2. Whether or not FGU can be held liable to reimburse ANCO despite the finding that such loss was
occasioned by the blatant negligence of the ANCO’s employees – NO.
 One of the purposes for taking out insurance is to protect the insured against the consequences
of his own negligence and that of his agents. Thus, it is a basic rule in insurance that the
carelessness and negligence of the insured or his agents constitute no defense on the part of the
insurer. This rule however presupposes that the loss has occurred due to causes which could not
have been prevented by the insured, despite the exercise of due diligence.

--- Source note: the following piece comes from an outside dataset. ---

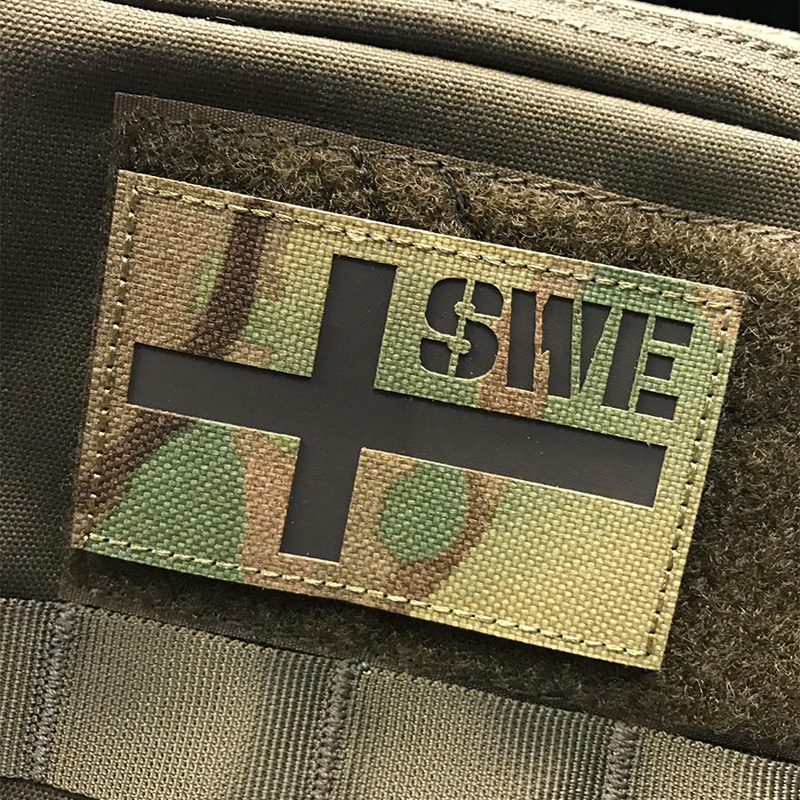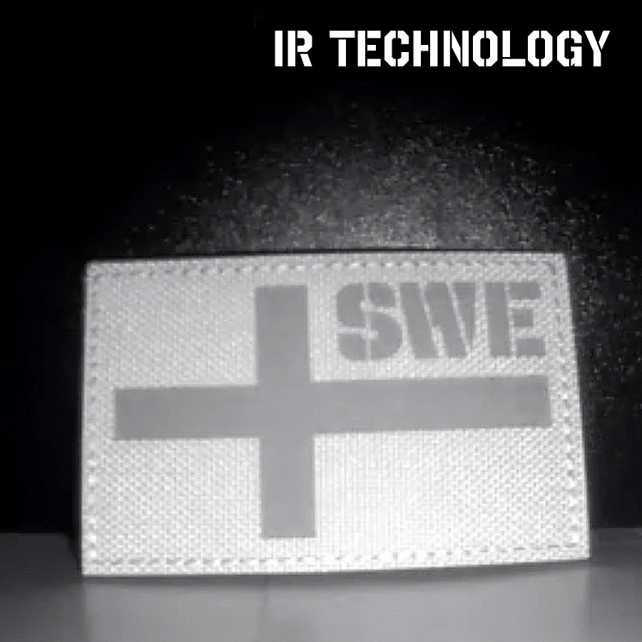 Med texten SWE och Operational (Multicam) kamouflage som bakgrund. När man tittar med IR kikare så lyser den i mörkret vilket gör det väldigt effektivt att hålla koll på sina egna.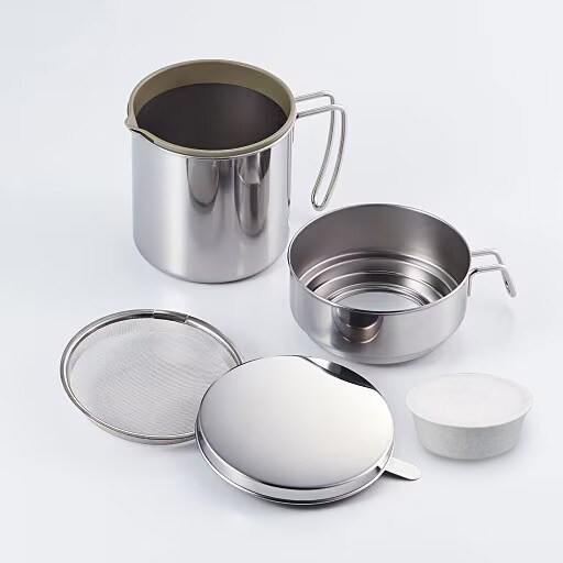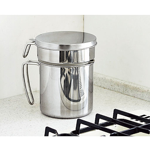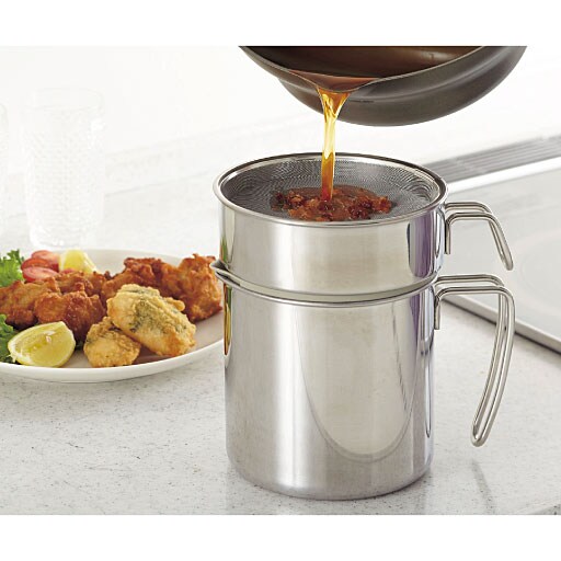 使い終わった油を一度にこせるオイルポット。約800mlの大容量の目皿により、一気に油を流し込めるようになりました。揚げ物をもっと時短で身近な料理に。

 When evidence show that the insured’s negligence or recklessness is so gross as to be sufficient
to constitute a willful act, the insurer must be exonerated. The ordinary negligence of the
insured and his agents has long been held as a part of the risk which the insurer takes upon
himself, and the existence of which, where it is the proximate cause of the loss, does not
absolve the insurer from liability. But willful exposure, gross negligence, negligence amounting
to misconduct, etc., have often been held to release the insurer from such liability
 ANCO’s representatives had failed to exercise extraordinary diligence required of common
carriers in the shipment of SMC’s cargoes. Such blatant negligence of is of such gross character
that it amounts to a wrongful act which must exonerate FGU from liability under the insurance
contract.
WHEREFORE, premises considered, the Decision is hereby AFFIRMED with MODIFICATION.